In conclusion, the Court DISMISSES Fields's amended complaint for failure to state a claim on which relief can be granted and for seeking monetary relief against a party immune from that relief, pursuant to 28 U.S.C. §§ 1915(e)(2)(B)(ii)-(iii) and 1915A(b)(1)-(2). Leave to amend is DENIED. Because all of the federal claims are being dismissed, the Court DECLINES to exercise supplemental jurisdiction over any claims arising under state law. Those state law claims are DISMISSED pursuant to 28 U.S.C. § 1367(c)(3), without prejudice to refiling in state court.

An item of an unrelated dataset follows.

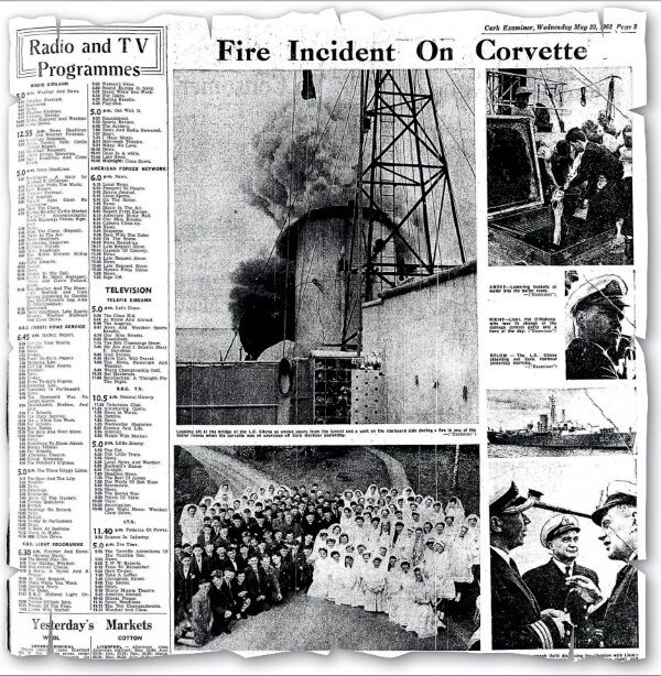 She was deploying hedgehog mortars and depth charges in an exercise witnessed by a number of Naval Service officers, civilians, and members of the press.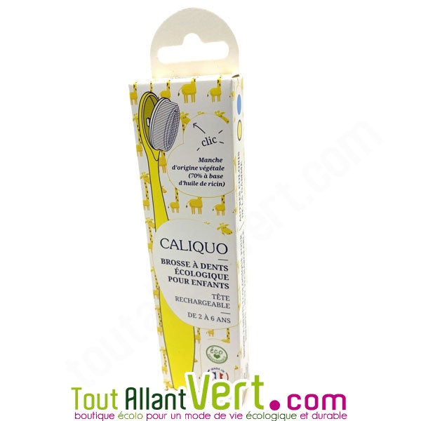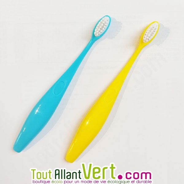 Une brosse à dent bien conçue : tête changeable, manche Bleu à 70% d'origine végétale, poils nylon arrondis et fabriquée en France. Economique, écologique ! Poil souple. Marque Caliquo.

Pursuant to 28 U.S.C. § 1915(a)(3), the Court must also consider whether an appeal by Fields in this case would be taken in good faith. The good faith standard is an objective one. Coppedge v. United States, 369 U.S. 438, 445 (1962). It would be inconsistent for a district court to determine that a complaint should be dismissed prior to service on the Defendants but has sufficient merit to support an appeal in forma pauperis. See Williams v. Kullman, 722 F.2d 1048, 1050 n.1 (2d Cir. 1983). The same considerations that lead the Court to dismiss this case for failure to state a claim also compel the conclusion that an appeal would not be taken in good faith. Therefore, it is CERTIFIED, pursuant to 28 U.S.C. § 1915(a)(3), that any appeal in this matter by Fields would not be taken in good faith.
The Court must also address the assessment of the $505 appellate filing fee if Fields nevertheless appeals the dismissal of this case. A certification that an appeal is not taken in good faith does not affect an indigent prisoner plaintiff's ability to take advantage of the installment procedures contained in § 1915(b). See McGore v. Wrigglesworth, 114 F.3d 601, 610-11 (6th Cir. 1997), partially overruled on other grounds by LaFountain, 716 F.3d at 951. McGore sets out specific procedures for implementing the PLRA, §§ 1915(a)-(b). Therefore, Fields is instructed that if he wishes to take advantage of the installment procedures for paying the appellate filing fee, he must comply with the procedures set out in the PLRA and McGore by filing an updated in forma pauperis affidavit and a current, certified copy of his inmate trust account for the six months immediately preceding the filing of the notice of appeal.
For analysis under 28 U.S.C. § 1915(g) of future filings, if any, by Fields, this is the first dismissal of one of his cases as frivolous or for failure to state a claim. This strike shall take effect when judgment is entered. See Coleman v. Tollefson, 135 S. Ct. 1759, 1763-64 (2015).
The Clerk is directed to prepare a judgment. IT IS SO ORDERED.